Credit Ratings Firms Get Lower Scores Amid Default Wave

Five Chinese credit ratings agencies have received lower evaluation scores for their ratings quality this year than in 2017, a central bank-backed industry association announced Friday, indicating that some of the firms’ ratings failed to fully reflect bond issuers’ credit risk.
The evaluation results come at a time when investors are on edge because of a wave of corporate bond defaults amid a regulatory crackdown on “shadow banking” and a liquidity squeeze.

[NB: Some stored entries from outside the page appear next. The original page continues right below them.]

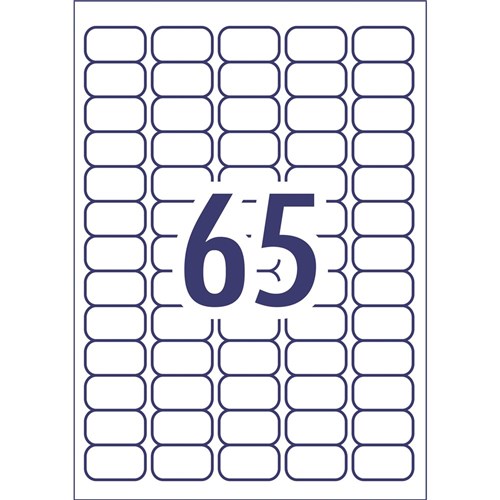 • Size: 38.1x21.2mm 650 labels, 10 Sheets. 65 labels per sheet (65UP).
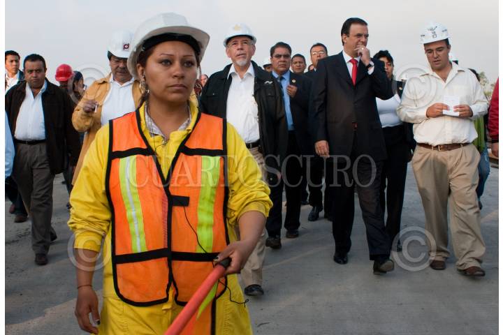 MÉXICO, D.F., 17JUNIO2009.- Fernando Aboitiz, director general de Proyectos Especiales de la Secretaría de Obras, Marcelo Ebrard jefe de gobierno capitalino y Jorge Arganis, Secteario de Obras local, durante un recorrido que realizo en las obras en el tramo de Rio churubusco, el mandatario local detalló que al día de hoy ya se colocó el concreto hidráulico y se lleva un avance, en términos generales en la construcción de los puentes vehiculares, de 98 por ciento. FOTO: RICARDO CASTELAN/CUARTOSCURO.COM
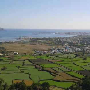 Following the path along the ridge takes you east towards the sea and a soft breeze which touches the patches of sweat on your t-shirt. The pine forest falls away behind you as you enter an opening on the clear, treeless side of the hill where two thin, long-haired horses graze. Below you is a thinner stretch of tidier patchwork fields, the village of Shi-heung-ri and the road from where you started. Beyond that are the angular concrete arms of the piers of several small docks for fishing boats, breaking through the black rocks of the coast and out into the restless tides of the open sea. The flat plains of the coast are interrupted only by the gigantic straight cliffs of Seongsan Ilchulbong oreum (Sunrise Peak) to the south, which stands tall like a castle above the port-village which shares its name.
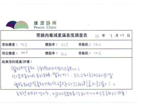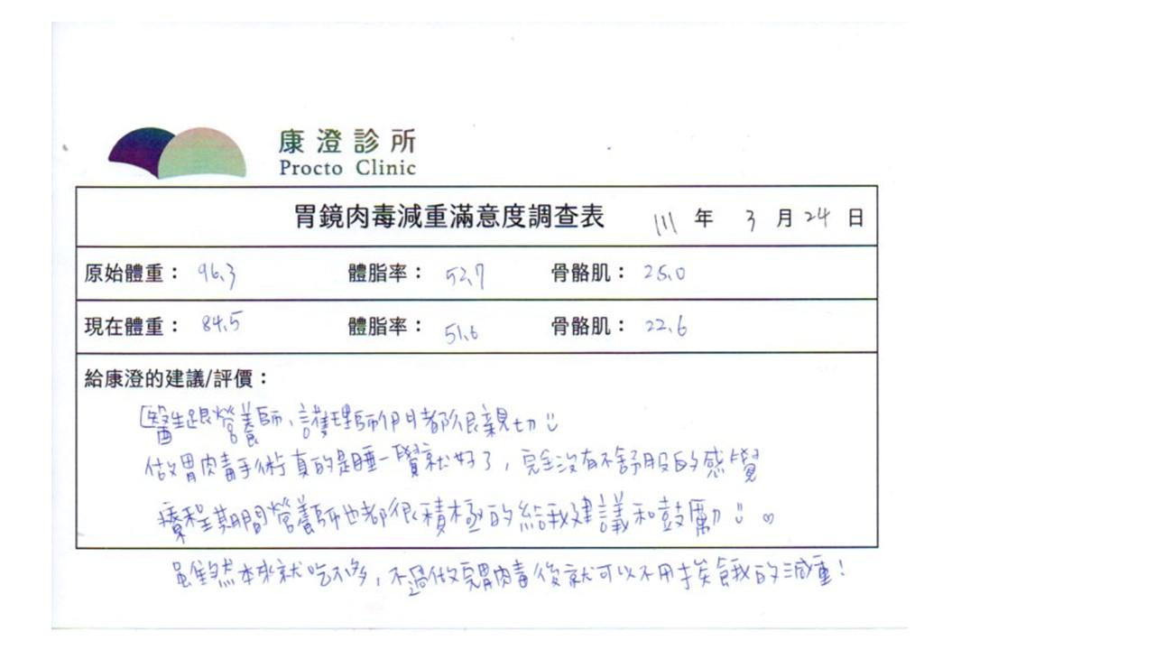「很開心做了胃肉毒減重療程,讓我體會最幸福不挨餓的減肥方式!瘦了10%體重後,讓體態變美,最重要是身體變健康喔!感謝羅醫師及營養師的提醒及追蹤。」
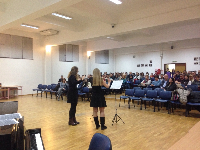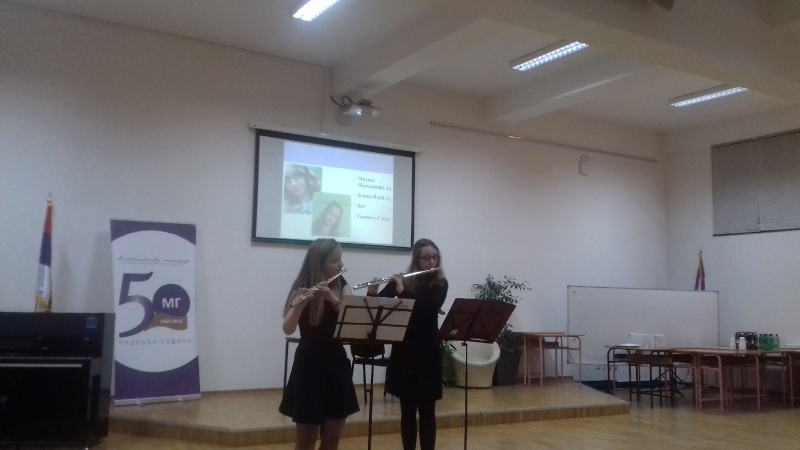 ОпштеДОГАЂАЈИ-фотографијеКао и сваке године, крајем децембра у Свечаној сали школе окупљају се бивши ученици Математичке гимназије. Ове године окупили смо се посебним поводом - за свега четири дана захваљујући бившим ђацима наше школе скупљен је новац за куповину електронске лупе, помагала које ће нашој слабовидој ученици Вери Влашки омогућити да несметано прати наставу. Електронска лупа је уручена Вери на одржаном свечаном скупу. Нашем окупљању присуствовали су и представници Ротари клуба који су најтрофејнијим ученицима Математичке гимназије уручили пригодне награде. Целом догађају посебно свечану ноту дале су наше ученице Лидија Пилиповић, Милена Недељковић, Ирина Ђанковић и Јелена Илић које су извеле композиције Баха и Вивалдија на флаути и клавиру. На свечаности је било речи и о будућим начинима сарадње са бившим ђацима који би желели да допринесу планираним активностима у школи. Захваљујемо се свима који су синоћ дошли и учинили наше окупљање лепим и садржајним.

Some defaulters had gotten high credit ratings from domestic ratings firms.
Both the comprehensive evaluation scores and ratings-quality evaluation scores of the five ratings agencies that conduct business in the interbank bond market are lower this year than in 2017, the National Association of Financial Market Institutional Investors (NAFMII), the agency that oversees the market, said in a statement (link in Chinese) releasing the annual evaluation results.
Around 90% of China’s total onshore bonds by value are traded in the interbank market, while the rest are traded on the country’s two major stock exchanges.
“Amid the normalization of defaults in the bond market, problems with ratings agencies’ ratings quality have become more noteworthy,” NAFMII said.
The five ratings firms failed to meet market expectations in terms of risk disclosure, the reasonableness of ratings, and the timeliness of revealing defaulters’ risks, NAFMII said. The association invited more than 160 market participants and experts, including individual bond investors and specialists from institutional investors, to evaluate these firms.
China’s $11 trillion bond market is the world’s third largest. However, the ratings agencies, which are required to impartially assess how risky bonds are, have long been criticized for their generous rankings.
These agencies have rated a large number of bond issuers at AA or above, some of which subsequently defaulted. AA, the third-highest ranking, is the minimum rating level many funds require before they buy a bond. Some investors have questioned whether there’s potential corruption between the ratings agencies and the companies they rate.
An outrageous case rose to the surface in August when financial regulators banned Dagong Global Credit Rating Co. Ltd. from conducting any new ratings business for one year after it broke regulations by consulting for the companies it rated. Caixin revealed that Dagong had pressured companies to buy expensive but ineffective software in return for better ratings.
Dagong is ranked last this year among the five ratings firms NAFMII regulated, after it ranked second last year.
NAFMII urged all the ratings agencies to strengthen the quality controls of their ratings and prevent conflicts of interest.